Martin Sacree, head of the upper sixth form at Uckfield Community College, East Sussex, where Gilbert spent another day, added: “He did several one-hour workshops with sixth-formers where he talked about the seven different ways of learning and suggested new strategies for revising, such as using rap to remember things. ”

The idea of seven different ways of learning, or multiple intelligences, is taken from Professor Howard Garner’s book, Frames of Mind, first published in 1983. Garner rejects the idea of intelligence as a single factor and talks instead of seven different intelligences - linguistic, musical, spatial, logico-mathematical, bodily-kinesthetic, and two kinds of personal intelligence - understanding others and understanding yourself.

Gilbert, from Market Harborough in Leicestershire, graduated from Durham University in 1988, then completed a one-year Diploma in Entrepreneurial Management at Durham University Business School. He then went into advertising as a copywriter with a large agency in the north-east but soon signed up for a PGCE at Leicester University. He taught French for two years in a Northampton comprehensive where he loved working with students, but disliked school politics and the constant changes in education.

By this time he had decided to set up his own company. “Since business school I had been reading widely and going to motivational seminars; it seemed to me there was so much really useful material that wasn’t getting through to schools.

“At the root of my teaching is the belief that we can all be more successful than we are. I thought that if there was information that could help a 16- year-old achieve more and a teacher teach better they ought to be getting it.”

Gilbert’s workshops are based on a wide range of educational and psychological research, mainly from America. He is convinced schools are failing vast numbers of children because they are using the wrong teaching methods or too narrow a range. “If you always present material in the same way, certain students are always going to benefit and others will always get left behind,” he argues. “For example, many teachers introduce a new topic bit by bit before explaining the whole thing, but research has shown that slower learners don’t always understand this approach. It’s like asking them to do a puzzle without seeing the overall picture.

“I give teachers a variety of alternatives as to how they can get the message across.”

Disruptive pupils, he continues, often learn better if they become physically involved in what they are doing. “Some pupils don’t take visual or aural information in well. Certain children learn to read far more quickly if they are allowed to walk while reading aloud, for example.” He quotes research on learning styles by American educational psychologists Rita and Ken Dunn which shows that lighting, temperature and the time of day can all affect pupils’ ability to learn.
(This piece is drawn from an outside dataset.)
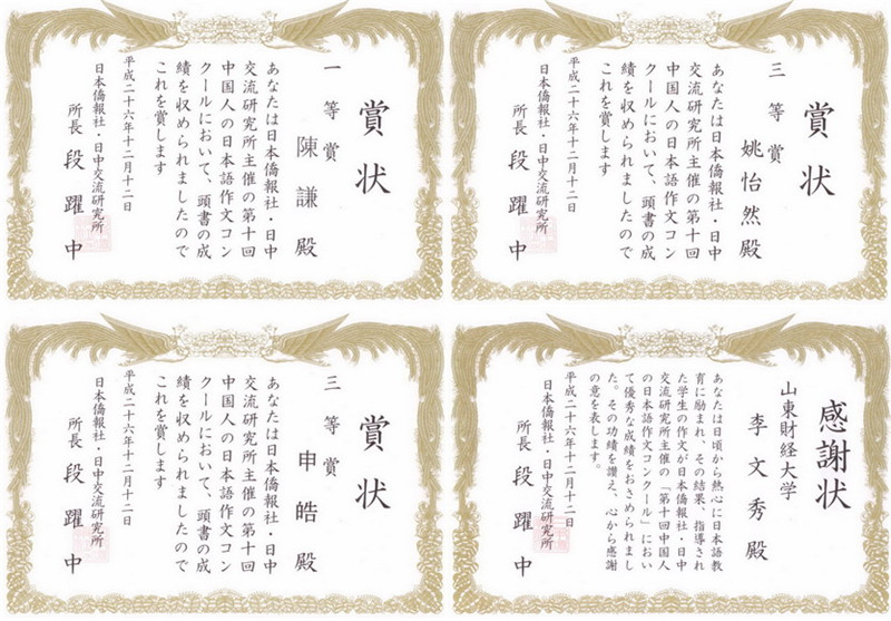 作为我校首届外语技能系列大赛的一个环节,探花 日语专业于今年5月组织了日语写作大赛,赛后安排教师对优秀学生进行了精心指导,并推荐参加了国内日语界规模、影响最大的赛事之一--“第十届全国日语作文大赛”。本次大赛以“ACG(动画、漫画、游戏)和我”、“公共礼仪与中国人”为主题,历时5个月,经过4轮严格的评审,最终评选出特等奖1名,一等奖5名,二等奖15名,三等奖40名。另外,陈谦和姚怡然同学的指导教师新村和申皓同学的指导教师李文秀获得了主办方颁发的“感谢状”,新村还被委托为新一届作文大赛的“推广大使”。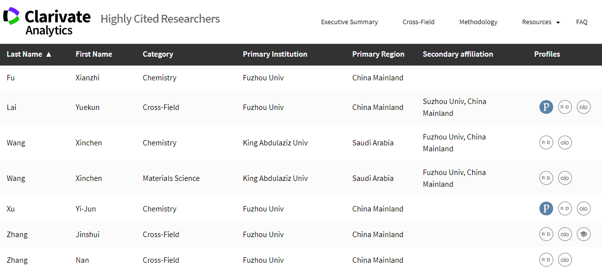 新闻中心讯/11月27日,科睿唯安发布了其2018年度“高被引科学家”名单,这也是该名单连续第五年发布。福州大学共有6位教师(7人次)入选该名单,位居省内高校第一。付贤智院士、王心晨教授、徐艺军教授入选化学领域榜单,王心晨教授还入选了材料科学领域榜单,赖跃坤教授、张金水教授、张楠博士入选跨学科领域榜单。

“If you pinpoint somebody’s precise learning style and teach them to that style then they learn more. We’re not talking about quick fixes ... This is about being aware of the different ways the brain works and trying to improve people’s performance,” he maintains.

Gilbert has a distinctive style of address that clearly appeals to young people as well as adults. Earlier this year at grant-maintained Northampton School for Boys, he gave a one-hour “motivational taster” to lower sixth- formers. the boys sat in attentive silence as he cracked topical jokes while hammering home the message that they could achieve whatever they wanted if they had a vision, set themselves a goal, and planned how to get there.

“On your deathbed you can lie back and think: ‘I blew it. I screwed up every opportunity I had.’ Or you can say: ‘I did all that I could. I went to lots of places and met all the people I wanted to.’ The choice is yours,” he told them.

Gilbert charges Pounds 50 for a one-hour motivational “taster” and Pounds 300 for a full day. Too much for some schools perhaps, but he does offer a “satisfaction guarantee” - in other words, if you don’t like it, you don’t pay.

Big companies, he argues, have had motivational workshops for staff for years and it’s time schools followed suit.